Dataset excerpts
· · · ·

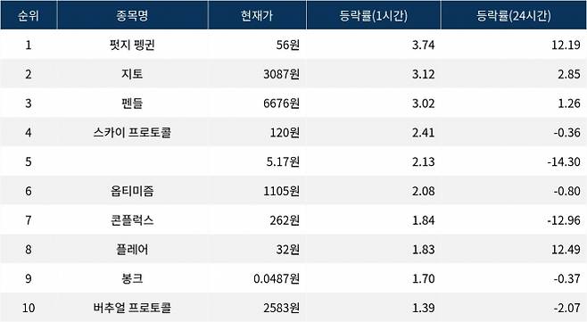 [서울데이터랩]펏지 펭귄 지토 펜들 상승률 상위 종목 소개
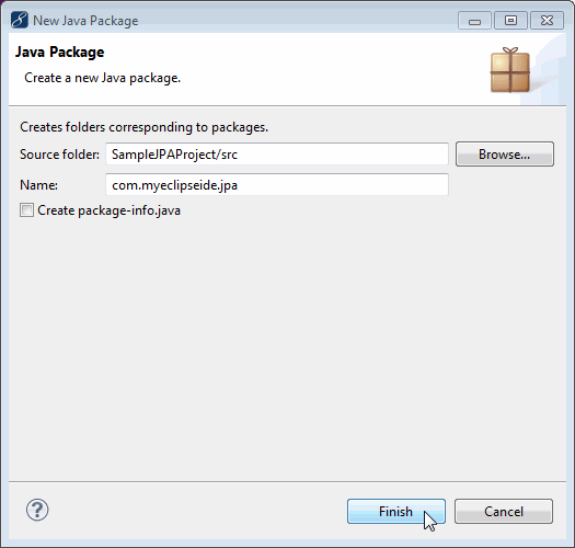 在“Name”字段中輸入com.myeclipseide.jpa,然后單擊“完成”。
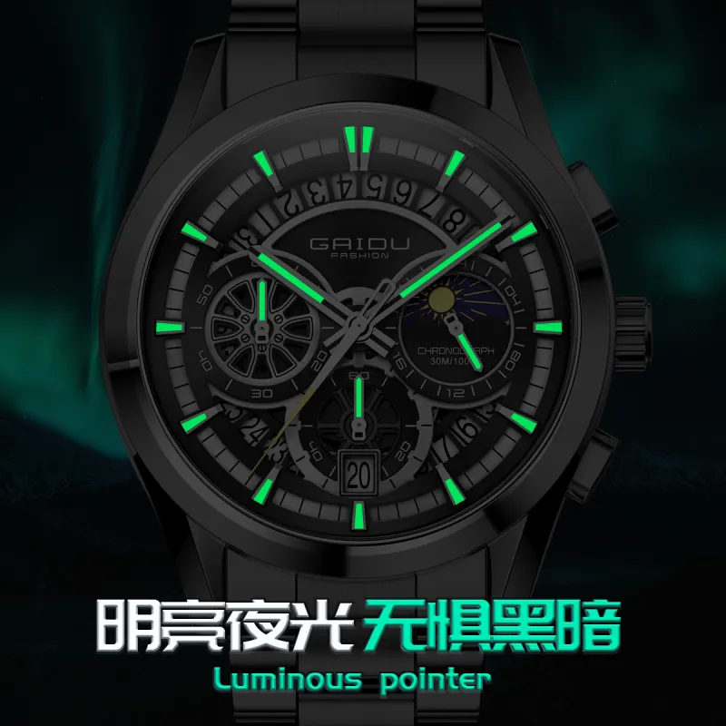 GAIDU Darth Vader Collection Кварцевый механизм Стальной ремешок Часы Мужские Черный циферблат
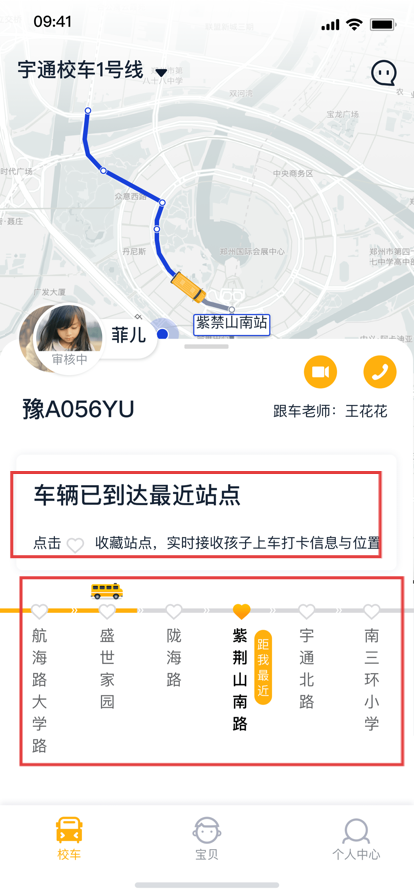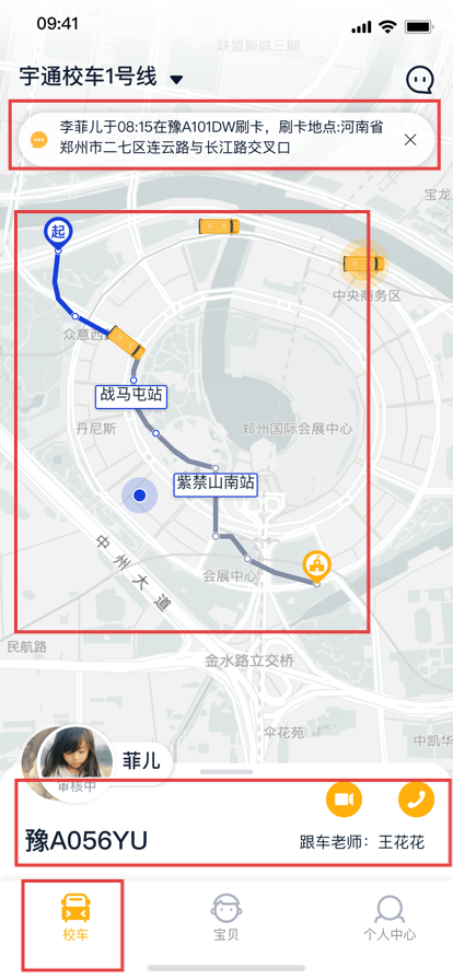 1、进入【校车】页面,查看宇通校车1号线轨迹、李菲儿刷卡信息,车辆信息。
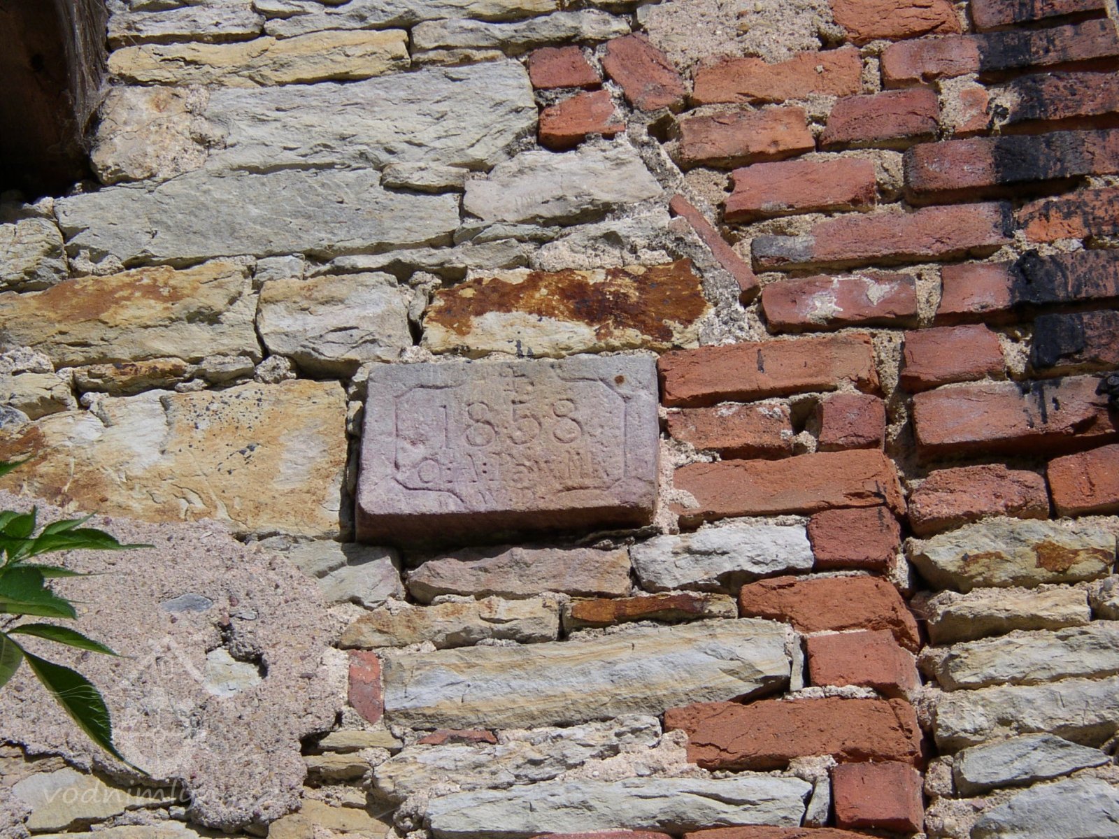 datovací tabulka s datem 1858 a jménem mlynáře Pavlíka, 2004, © Klimešová, (Prvky na obrázku: epigrafické památky (nápisy, datování aj.))

· · · ·

> [TASK PROMPT] Send back the data above verbatim, leaving out its pictures.

> [RESULT OF THE EXERCISE]
 [서울데이터랩]펏지 펭귄 지토 펜들 상승률 상위 종목 소개
 在“Name”字段中輸入com.myeclipseide.jpa,然后單擊“完成”。
 GAIDU Darth Vader Collection Кварцевый механизм Стальной ремешок Часы Мужские Черный циферблат
 1、进入【校车】页面,查看宇通校车1号线轨迹、李菲儿刷卡信息,车辆信息。
 datovací tabulka s datem 1858 a jménem mlynáře Pavlíka, 2004, © Klimešová, (Prvky na obrázku: epigrafické památky (nápisy, datování aj.))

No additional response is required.